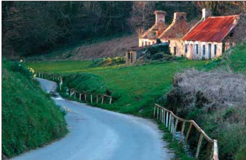
Jacky Tiplady. Jersey Cottages. Photograph.

The role of low-molecular-weight heparin in cancer patients with acute venous thromboembolism and how it improves outcomes are discussed.
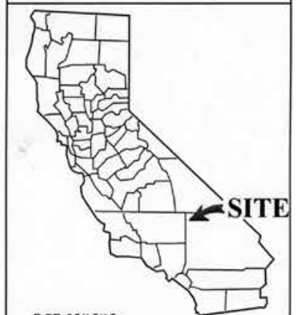
Exhibit B PRC 1531.2 PACIFIC GAS & ELECTRIC APN 0483-181-27 GENERAL LEASE - RIGHT-OF-WAY USE SAN BERNARDINO COUNTY

This Exhibit is solely for purposes of generally defining the lease premises, is based on unverified information provided by the Lessee or other parties and is not intended to be, nor shall it be construed as, a waiver or limitation of any State interest in the subject or any other property.
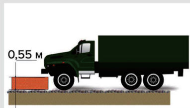
Obstacle height - 550 mm
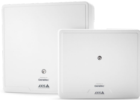
AXIS A1610 Powered by Genetec
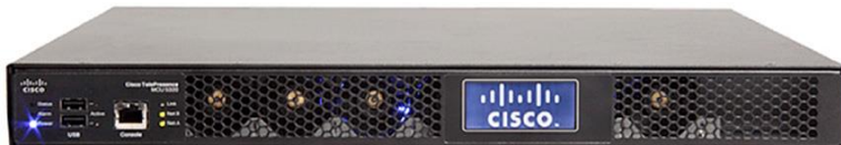
Figure 2. Cisco TelePresence MCU 5300 Series Is Standards-Based and Compatible with All Major Vendors' Endpoints
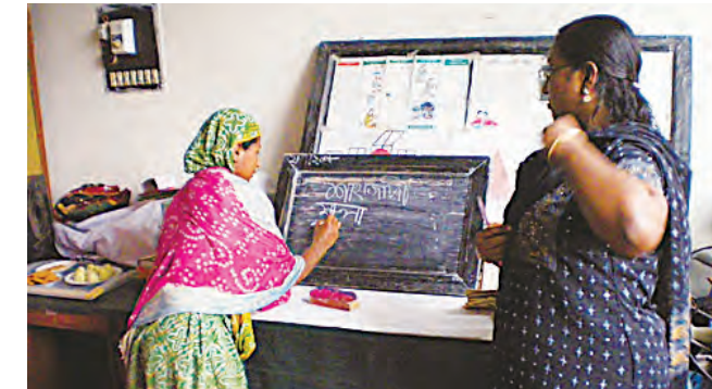
Mothers studying hard

New Developments: Fifty seven children were taught in 2007 and 65 children in 2008. In 2008, Japanese supporters donated stationery, shoes and towels for the pupils.
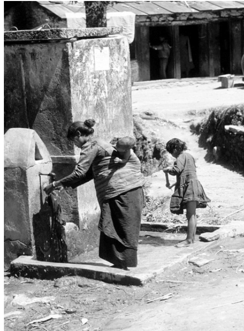
Picture 2: Drinking water in a Nepali village which originates in a forested mountain watershed.

Forest soils act as sponges and retain water longer than soils under other land uses. Tree and forest removal therefore increases water discharge and the risk of flooding in rainy seasons, and the risk of drought in dry seasons. Reforestation and afforestation have the opposite effect on water quantity. However, the role of forests and trees in the moderation of floods and droughts is a question of scale: Forests and trees may reduce the peak and areal extent of flooding at the micro level, and for short-duration and low-impact rainfall events. The extent of large scale flooding in the lower parts of major river basins does not seem to be linked to the degree of forest cover and the management practices in the catchment
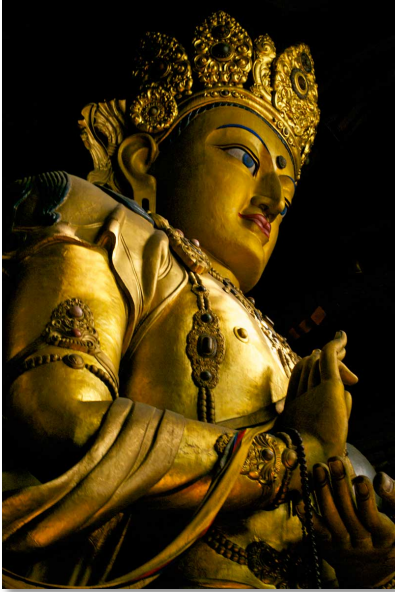
Statue of Avalokitesvara at Gandan Monastery.
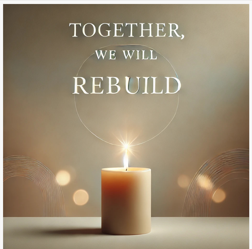
Together We Can | Wildfire Recovery Services

HVAC System Cleaning: Ensuring that smoke particles and debris are not circulating through air systems, protecting indoor air quality.
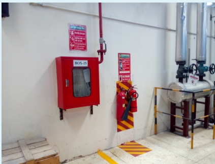
Improved fire safety: Installed fire fighting equipment unblocked
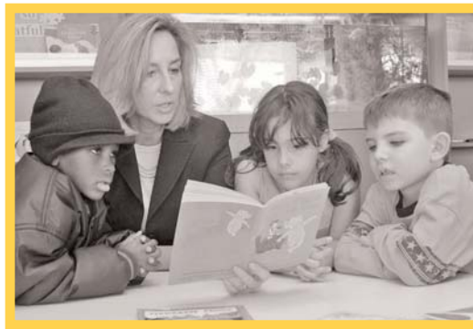
Lt. Gov. Kerry Healey reads to children at Boston Medical Center site visit.

At the same time that federal funding first became a reality for ROR, the Commonwealth of Massachusetts included $500,000 in matching state funding to spur broad implementation of this promising initiative. Today there are many exciting statewide partnerships that include public support, and many more are in the pipeline.
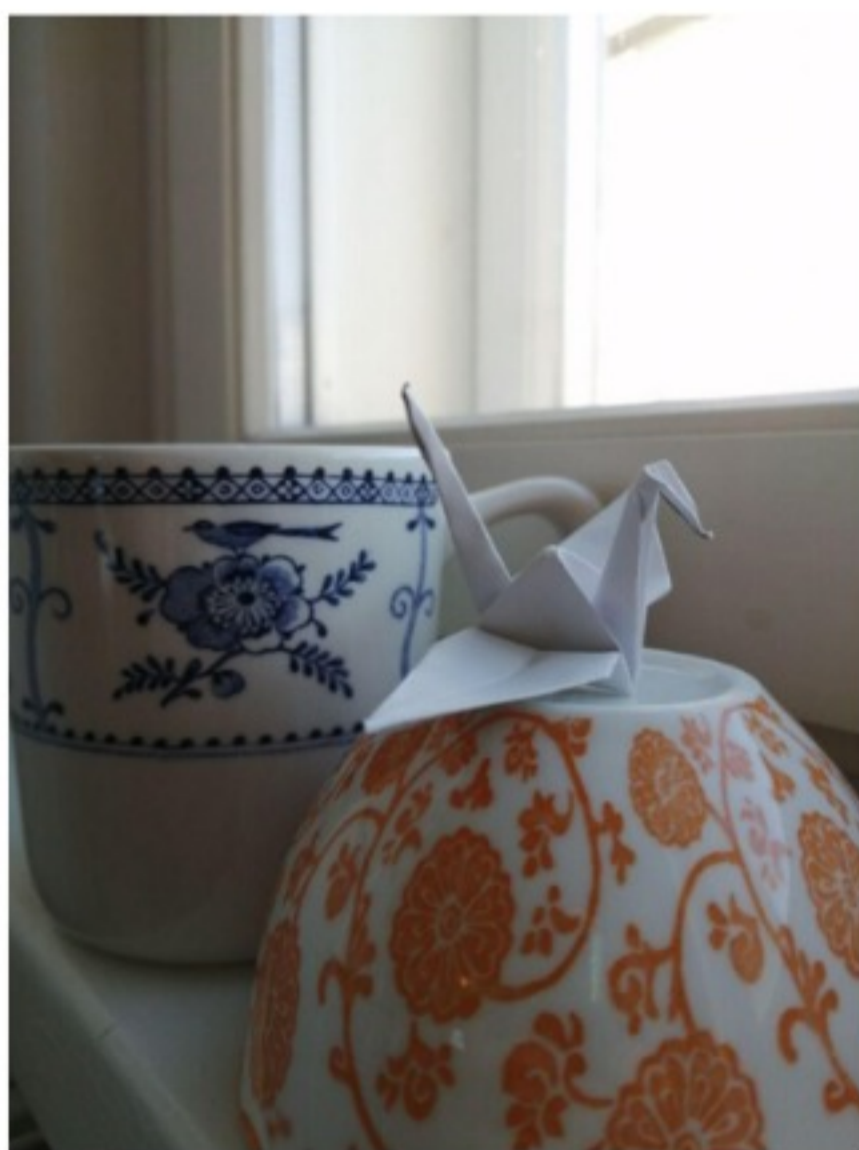
Topic: Early Bird
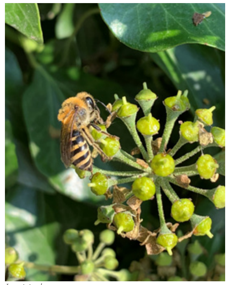
Ivy mining bee

Waitrose, the garden centre and a regular visitor have supported the project by buying wildflower seeds and paying for essential work. Our volunteers have worked hard on clearing scrub and raking, and will be sowing seeds on warmer spring days.
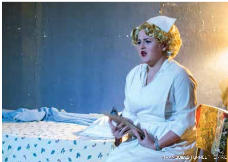
TRANQUILLE TUNNEL THEATRE
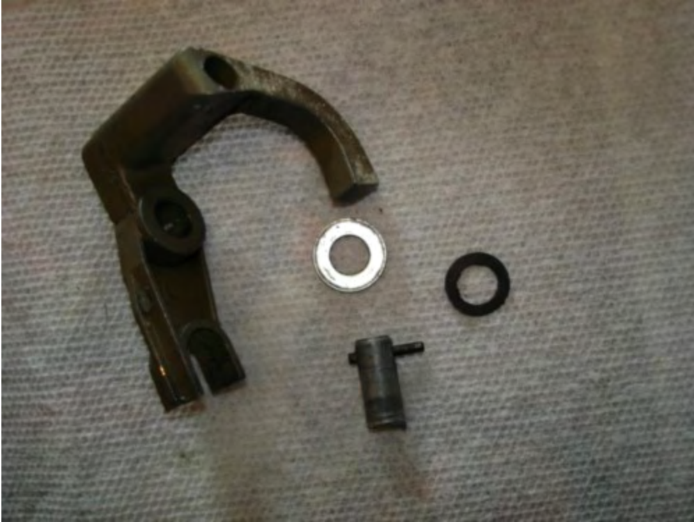
So here's the L shaped striker, the two washers and what's left of the metal pivot.
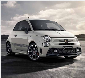
268 Gara White (Solid) Standard
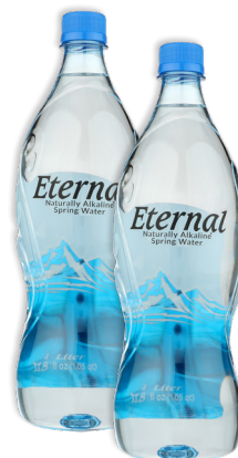
Eternal Naturally Alkaline Spring Water
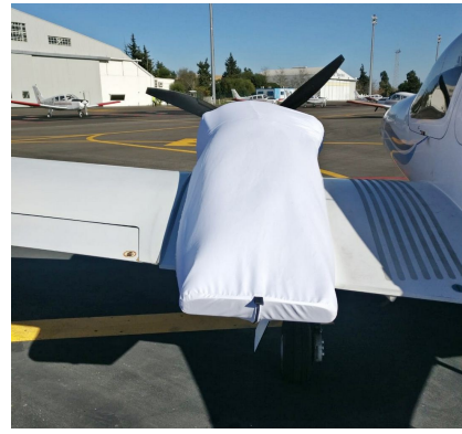
DA42 MPP Guardian (DA42-NG) Engine Cover, test fit cover

• • • •

**Task:**
Please give back exactly the lines from the first line of the records above through the line containing "The role of low-molecular-weight", only those and both included, with the pictures removed.

**Response area:**
Jacky Tiplady. Jersey Cottages. Photograph.

The role of low-molecular-weight heparin in cancer patients with acute venous thromboembolism and how it improves outcomes are discussed.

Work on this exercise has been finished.